Investigation into adhesion molecule pathophysiology in primary SS is scarce and has focused on characterising adhesion molecule expression in salivary gland biopsy specimens.13L-selectin was found to be expressed by 18% of the infiltrating cells in labial salivary glands from patients with primary SS,13which is considerably less than in the peripheral blood, and the comparatively reduced number of CD62 L positive lymphocytes might be attributable to shedding of the L-selectin (CD62L) after cell activation.
In our study, we found increased concentrations of circulating sL-selectin (CD62L) in patients with primary SS that present with some extraglandular manifestations. Firstly, patients with primary SS and Raynaud's phenomenon showed higher circulating concentrations of sL-selectin (CD62L). In primary SS, Raynaud's phenomenon is not constantly observed, and it could result from a specific immunological aggression. The molecule analysed in our study promotes the attachment of diverse leucocytes to endothelium, and thereby together regulates the local traffic of neutrophils, monocytes, and lymphocytes. L-selectin is shed after cell activation, and raised sL-selectin (CD62L) concentrations may reflect a higher grade of activation of the leucocytes occurring in this subset of patients with primary SS and associated Raynaud's phenomenon.
A second subset of patients with primary SS, those with autoimmune thyroiditis, showed higher values of circulating sL-selectin (CD62L) in their sera.
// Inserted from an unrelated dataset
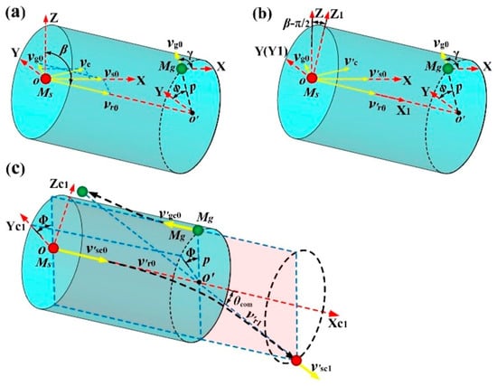 Scattering collision between sputtered Cu atom (Ms) and background gas atom (Mg) with specific initial velocities. (a) Initial velocities and positions of Ms and Mg in the laboratory coordinate system XYZ; (b) initial velocities and positions of Ms and Mg in the laboratory coordinate system X1Y1Z1; (c) scattering collision between Ms and Mg in the center of mass coordinate system Xc1Yc1Zc1 when the coordinate system X1Y1Z1 floats with the mass center of colliding atoms.

Autoimmune thyroiditis is an organ specific, autoimmune destruction of the thyroid gland mediated by T lymphocytes, with anti-thyroglobulin and anti-microsomal antibody formation, frequently associated to SS.14 Stimulation of thyroid epithelial cells in vitro with tumour necrosis factor α or interferon γ induced expression of ICAM-1.15 ICAM-1 and LFA-3 expression has been identified on thyroid cells in autoimmune thyroiditis, and it has been suggested that these molecules have functional importance in leading to the adherence of T cells to this target organ.16 Adhesion molecules might participate in the pathophysiology of autoimmune thyroiditis in primary SS patients.
The presence of Raynaud's phenomenon, autoimmune thyroiditis and rheumatoid factor is associated with higher concentrations of circulating sL-selectin (CD62L) in the sera of patients with primary SS. Measurement of sL-selectin (CD62L) in primary SS may also provide guidance in the selection of clinical subsets of patients in which pharmacological blockade of adhesion molecules should be attempted, to interfere with leucocyte migration and function.
Funding: supported by grants FIS 97/0669 and FIS 99/0280 from the Fondo de Investigaciones Sanitarias. M Ramos-Casals is a Research Fellow sponsored by a grant from the Hospital Clínic.